Dataset section:
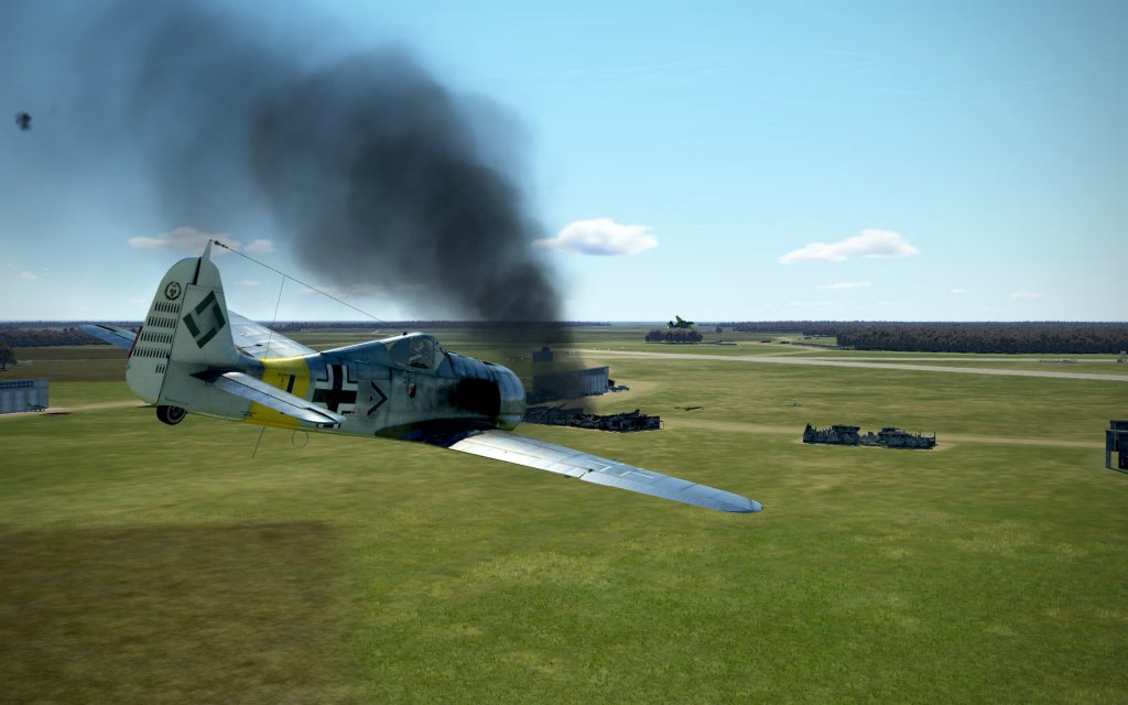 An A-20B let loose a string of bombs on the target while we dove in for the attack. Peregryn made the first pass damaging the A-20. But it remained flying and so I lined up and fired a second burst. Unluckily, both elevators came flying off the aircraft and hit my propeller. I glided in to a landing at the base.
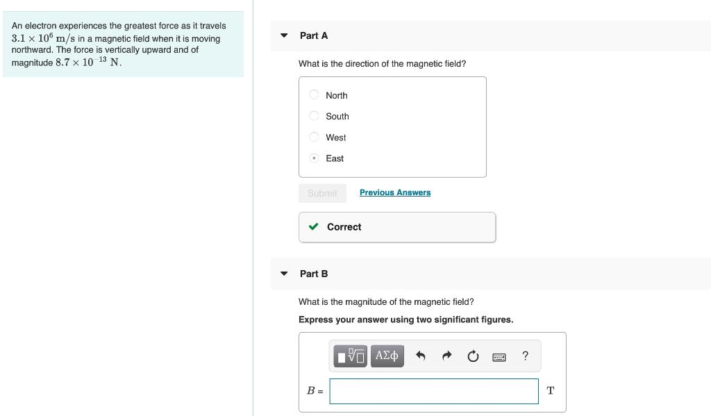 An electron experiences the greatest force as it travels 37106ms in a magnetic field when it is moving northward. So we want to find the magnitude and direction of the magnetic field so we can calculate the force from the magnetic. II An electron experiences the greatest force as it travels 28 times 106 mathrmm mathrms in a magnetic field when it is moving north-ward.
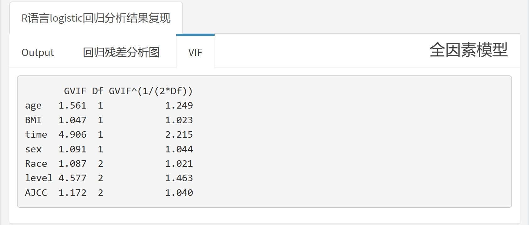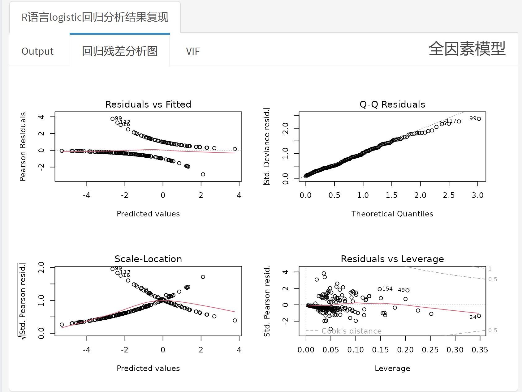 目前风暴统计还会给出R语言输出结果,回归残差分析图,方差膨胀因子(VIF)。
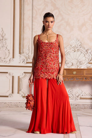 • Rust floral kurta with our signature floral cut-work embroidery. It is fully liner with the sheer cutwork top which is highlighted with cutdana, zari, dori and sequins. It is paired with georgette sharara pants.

Directions for this task: Give back the data exactly. Pictures stay out.

Output for this task:
 An A-20B let loose a string of bombs on the target while we dove in for the attack. Peregryn made the first pass damaging the A-20. But it remained flying and so I lined up and fired a second burst. Unluckily, both elevators came flying off the aircraft and hit my propeller. I glided in to a landing at the base.
 An electron experiences the greatest force as it travels 37106ms in a magnetic field when it is moving northward. So we want to find the magnitude and direction of the magnetic field so we can calculate the force from the magnetic. II An electron experiences the greatest force as it travels 28 times 106 mathrmm mathrms in a magnetic field when it is moving north-ward.
 目前风暴统计还会给出R语言输出结果,回归残差分析图,方差膨胀因子(VIF)。
 • Rust floral kurta with our signature floral cut-work embroidery. It is fully liner with the sheer cutwork top which is highlighted with cutdana, zari, dori and sequins. It is paired with georgette sharara pants.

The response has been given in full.